Use of Glidesheath Slender to Reduce Radial Artery Occlusion and Vascular Access Site Complications Following Transradial Coronary Angiography (CAPITAL-PRO)

Based on previously reported studies the rates of radial artery occlusion using a standard 6 Fr. sheath is around 5-10%, compared to the single feasibility study of the Glidesheath Slender by Aminian et al (see reference in the citations), the rate of radial artery occlusion was reported 0.88%.

This study will be a prospective randomized, single-blinded (patient-blinded) study, comparing the rate of radial artery occlusion and vascular access site complications between the Glidesheath Slender (Terumo, Tokyo, Japan) and the standard 6 Fr. radial sheath in patients undergoing transradial coronary catheterization.

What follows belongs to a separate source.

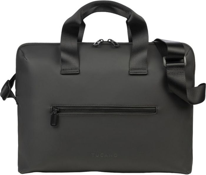Сумка Tucano Gommo в стилі мінімалізм спортивного дизайну для ноутбука 15,6" і MacBook 16", виготовлена з прогумованого матеріалу. Має велике одинарне відділення з внутрішньою кишенею для ноутбука та зовнішньою кишенею для аксесуарів.
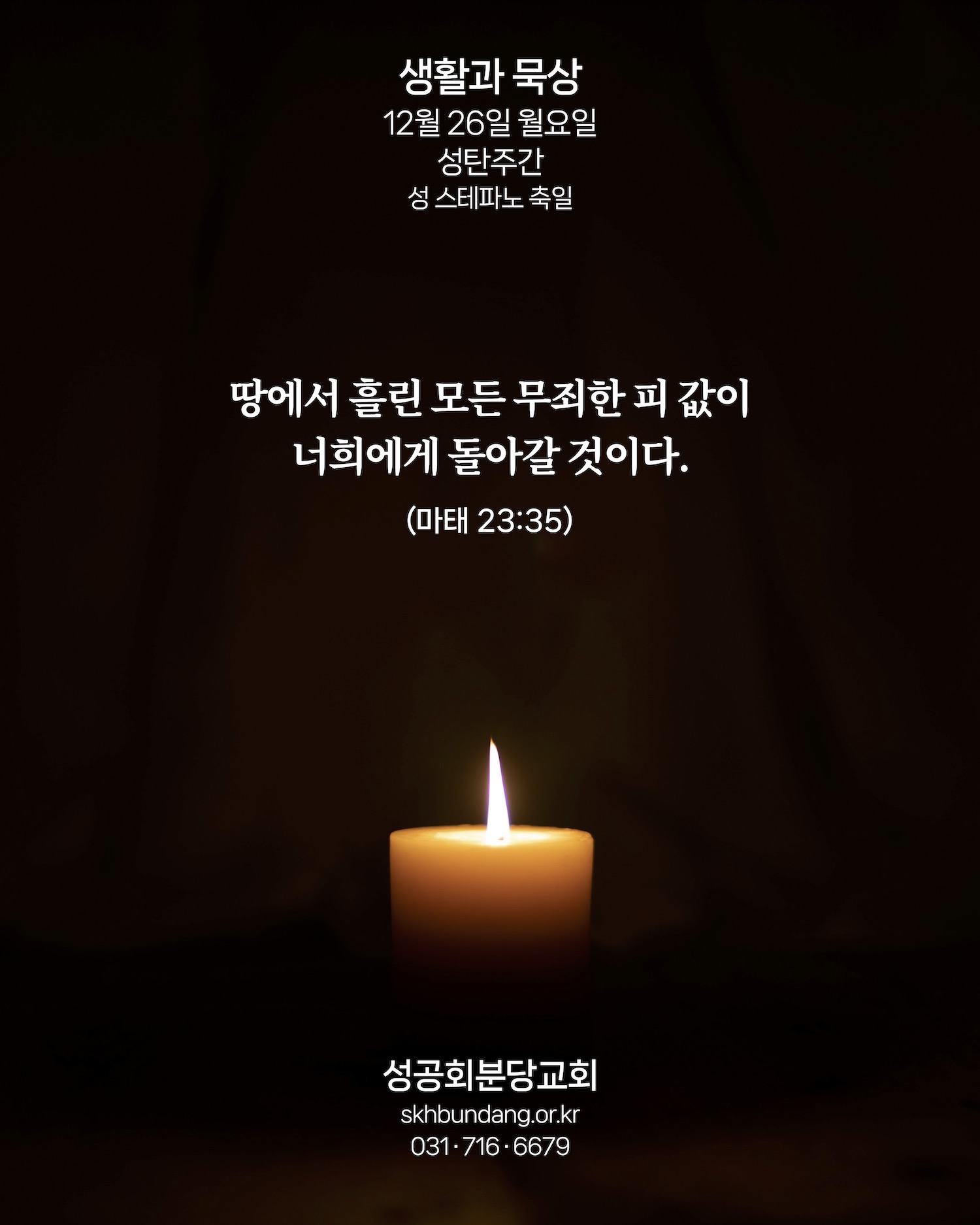 묵상카드 모든 무죄한 피 흘리는 이들에 대한 외면 by 푸드라이터 2022. 12. 26. 2022년 12월 26일 월요일 마태 23:34-39 성 스테파노 축일 <묵상기도> 주님 오늘도 억울하게 고난 당하는 사람들과 무죄하게 죽어가는 사람들이 있다는 것을 기억하게 하여 주십시오. 공유하기 게시글 관리 대한성공회 분당교회 '묵상카드' 카테고리의 다른 글 무고한 희생 (0) 2022.12.28 북콘서트 (0) 2022.12.27 하느님과 같은 존재, 나 (0) 2022.12.25 영적 동반 (0) 2022.12.24 두려움과 사랑 (0) 2022.12.23 관련글 무고한 희생 북콘서트 하느님과 같은 존재, 나 영적 동반 댓글

• The study will enroll patients who will undergo elective or emergency coronary angiography and/or percutaneous coronary intervention (PCI) via transradial approach at the University of Ottawa Heart Institute.
• A baseline clinical vascular & ultrasound assessment will be performed prior to the procedure to document patency of the radial artery.
• Patients will be randomized in 1:1 fashion to either receive the Terumo Glidesheath Slender versus the currently used 6 Fr. sheath.
• The standard angiogram/ PCI will be performed as per usual practice.
• Following the angiogram, clinical vascular assessment as well as an ultrasound will be performed prior to discharge.
• At 30 days follow up the patient will come back for clinical and ultrasound assessment of radial artery patency and access site vascular complications.